Last week, Yuga Labs’ massive Otherdeed NFT mint, for virtual land deeds in the Bored Ape Yacht Club metaverse realm Otherside, clogged the Ethereum mainnet with transaction demand. This triggered a gas war and network chaos that could have been prevented altogether, according to E.G. Galano, the co-founder and general manager of Ethereum infrastructure provider Infura.

While Yuga Labs saw $561 million in trading volume in just 24 hours, the mint became the sixth-largest source of burned Ethereum ever, as collectors burnt more than $157 million in ETH on April 30. The mint was dubbed a “nightmare scenario” for buyers, as thousands of transactions failed. Yuga later refunded those with failed transactions. 

If you ask Galano, much of this chaos was just blockchain history repeating itself.

“It’s very reminiscent of some of the early NFT projects, whether that’s CryptoKitties or some of the early ICOs, that didn’t bake in a mechanism to try to spread out that load over a larger amount of time,” Galano said in an interview with Decrypt. “There’s a few different mechanisms that people have used so that it’s not like everybody has to rush to get their transaction in on the very first block when the sale is live.”

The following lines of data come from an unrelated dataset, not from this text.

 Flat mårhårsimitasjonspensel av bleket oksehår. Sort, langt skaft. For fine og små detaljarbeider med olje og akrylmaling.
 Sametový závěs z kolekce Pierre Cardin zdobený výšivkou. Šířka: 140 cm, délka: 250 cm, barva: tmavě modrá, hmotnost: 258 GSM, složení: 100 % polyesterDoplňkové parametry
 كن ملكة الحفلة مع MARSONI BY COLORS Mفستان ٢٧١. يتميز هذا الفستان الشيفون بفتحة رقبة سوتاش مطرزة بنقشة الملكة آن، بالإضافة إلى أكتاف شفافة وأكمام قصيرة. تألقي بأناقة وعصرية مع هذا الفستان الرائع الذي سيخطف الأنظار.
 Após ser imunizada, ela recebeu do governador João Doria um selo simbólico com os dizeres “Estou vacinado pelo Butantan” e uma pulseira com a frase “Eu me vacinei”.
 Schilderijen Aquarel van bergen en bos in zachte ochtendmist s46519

While Yuga Labs implied that the Ethereum mainnet was to blame, Galano sees the blockchain as having worked as intended. 

“For what happened to the network itself, that’s just the transaction throughput on the network, and the gas price auction working as intended,” he said. “There’s a limited amount of capacity for transaction throughput when you’re dealing with any decentralized blockchain.”

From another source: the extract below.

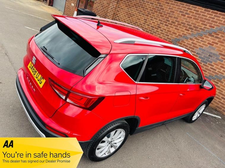 With a full service history and a recent service carried out in July 2025 at 71, 035 miles, this 2018 SEAT Ateca 1.0L Petrol TSI SE L is ready for its next owner. This Euro 6 compliant vehicle comes with a 12-month warranty and a valid MOT until April 2026, offering peace of mind. The SE L trim includes desirable features such as Park Assist, incorporating front and rear parking sensors to make parking effortless. Full LED headlights provide enhanced visibility, while Keyless Entry and Go, along with a wireless phone charger, add convenience to your daily journeys. Stay connected with Full Link, which includes Android Auto and Apple CarPlay, and enjoy the ease of automatic headlights thanks to the Convenience Pack., , This Ateca stands out with its low CO2 emissions, making it an environmentally conscious choice. The impressive fuel economy of 52 mpg means fewer trips to the petrol station, saving you money. In addition, the large boot space offers practicality, ensuring you have ample room for luggage, shopping, or anything else you need to transport., 12 months warranty, Next MOT due 14/04/2026, Last serviced on 04/07/2025 at 71, 035 miles, Full service history, Good bodywork, Black Full leather interior - Good Condition, Tyre condition Good, 5 seats, Metallic Red, 2 owners, Upgrades - Leather Sports Seats - Black, Standard Features - 12V Socket in Front, 17in Alloy Wheels - Dynamic, 3.5in Drivers Display, Active Front Head Restraints, Alarm - Perimeter and Interior Monitoring, Ambient Spot Lighting and Front Footwell Illumination, Anti-Lock Braking System - ABS, Armrest with Air Outlet in Rear, Automatic Headlight Adjustment, Chrome Dashboard Detailing, Comfort Suspension, Convenience Pack, Cruise Control, Dark Tinted Rear Windows, Digital Clock, Door Mirrors and Door Handles in Body Colour, Door Mirrors with Welcome Light Silhouette, Driver and Front Passenger Airbags, Driver and Passenger Seat with Lumbar Adjustment, Driver and Passenger Sunvisor with Card Holder for Driver, Driver and Passenger Sunvisor with Covered and Illuminated Mirrors, Drivers Knee Airbag, Dual Zone Climate Control, Electric Parking Brake Including Autohold Function, Electrically Adjustable Folding and Heated Door Mirrors, Electronic Differential Lock System - XDS, Electronic Stability Control - ESC, Four Cargo Rings in the Boot, Front Armrest - Adjustable with Storage Compartment, Front Assist - City Emergency Braking and Pedestrian Protection, Front Courtesy Light with Front and Rear Reading Lights, Front Cup Holders, Front Grille Frame - Chrome, Front LED Fog Lights with Cornering Function, Front Passenger Airbag De-Activation, Front Seat Back Storage Pockets, Front Side Airbags, Front and Rear Electric Windows, Front and Rear Seatbelt Reminder, Fuel Door Linked to Central Locking, Full LED Headlights, Full Link, Gear Recommendation Indicator, Height Adjustable Front Headrests, Height Adjustable Passenger Seat, Height-Adjustable Drivers Seat, Hidden Exhaust Pipe, Hill Hold Control, ISOFIX Points in Outer Rear Seats with Top Tether Anchorage Points, Illuminated Boot, Illuminated Glovebox, Instrument Lighting with Brightness Control, Keyless Entry and Go - KESSY and Wireless Phone Charger, LED Daytime Running Lights, LED Taillights, Leather Gear Knob, Leather Steering Wheel, Lights Left On Warning Buzzer, Locking Wheel Bolts, Low Fuel Warning Light, Matt Black Grille, Navigation System, Outside Temperature Gauge, Park Assist, Power Locking and Remote Control with Two Foldable Keys and Opening Boot Selector - 3 Buttons, RPM Counter, Rear Armrest and Easy Back Seat Release Mechanism From Boot, Rear Fog Light, Rear Reading Lights, Rear Spoiler, Rear Wash - Wipe, Roof Rails - Chrome, Split Folding Rear Seats - 60-40, Steering Wheel-Mounted Audio and Phone Controls, Storage Box Under Drivers Seat, Sunglasses Storage Compartment in Roof Console, Tinted Windows, Tiredness Recognition System, Traction Control System - ASR, Trip Computer, Two Curtain Airbags, Tyre Pressure Monitoring System, USB Media Cable, Wheel Arch Surrounds - Black, Window Surrounds - Chrome, Winter Pack, 12 Month parts & warranty that can be used throughout the U.K on all of our cars, PART EXCHANGE WELCOME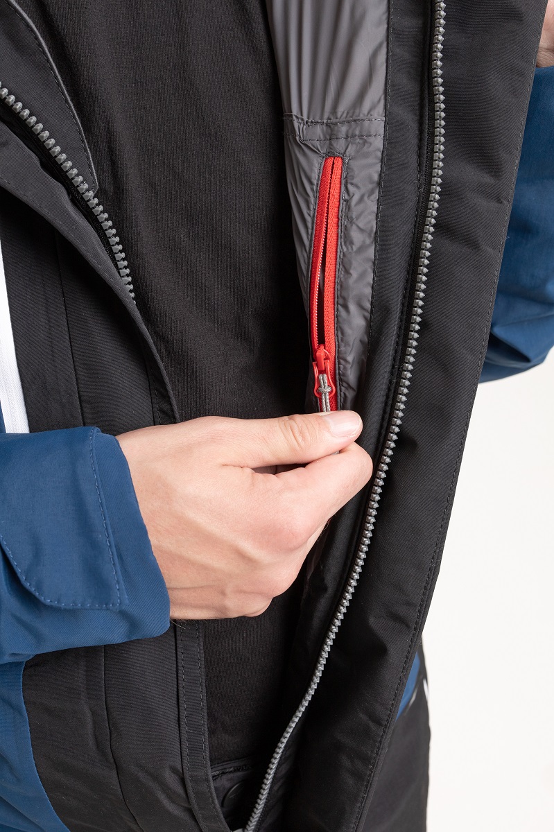 — карманы куртки: 2 нагрудных на молнии; 2 нижних на молнии; 1 внутренний на молнии; 1 карман из сетки на подкладе

In his view, the Otherdeed chaos was preventable if the Yuga Labs team had put in more legwork to prepare for the enormous demand of the mint.

Infura recently assisted the PROOF team with the highly successful mint of Moonbirds NFTs. Galano cited the Moonbirds team’s focus on pre-registrations as one key factor for why that mint went so smoothly. The PROOF team also “proactively reached out” to Infura beforehand to help assess and address any potential backend issues.

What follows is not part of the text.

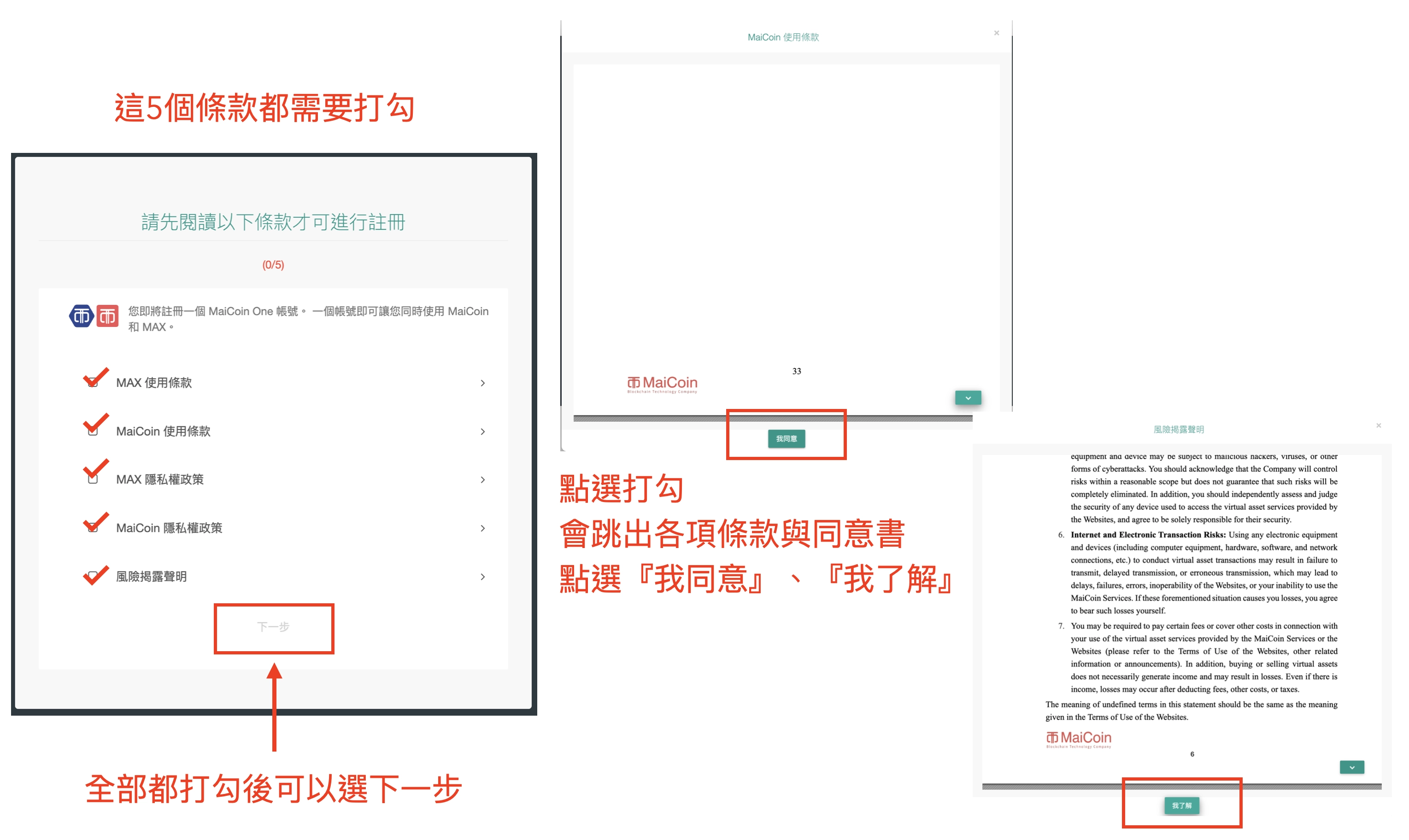 開戶教學 Step. 3 - 同意聊款與聲明

Despite Otherdeed transactions clogging the Ethereum mainnet almost immediately, users kept on trying to mint. In the wake of the fiasco, many NFT collectors wonder whether super-high-demand NFT mints like Otherdeed will continue to cause problems on Ethereum, and what can be done to solve it. 

Galano points to the current speculative nature of NFT PFP collecting as part of the problem. 

“My opinion on how gas auctions like this will go is it’s heavily impacted by the speculative nature of the market right now, where there’s really no set floor price for a lot of these things—or if there is, it’s wildly volatile,” Galano said. “And people are looking at these NFTs as collectibles, so some of them have a much different investment thesis that sets their price tolerance for that gas fee much higher than others.”

Otherdeed’s hiccups could have also been prevented by launching the NFTs on an Ethereum Layer-2 blockchain with a higher block gas limit, like Polygon, Galano suggested.

But at the same time, the Infura exec is so bullish on Ethereum that he doesn’t think any of the rival chains are really necessary. He cited Ethereum’s anticipated merge and move to proof of stake, optimistic rollups, and sharding as measures that will increase the network’s capacity. 

“My controversial view is that everything could exist on Ethereum, from a technical perspective,” Galano said. “There’s nothing that’s being done outside of Ethereum that couldn’t be adopted within Ethereum. But you could argue that there are things that were done on Ethereum that could’ve been done on Bitcoin if people were willing to make the changes to the Bitcoin protocol to make that happen.”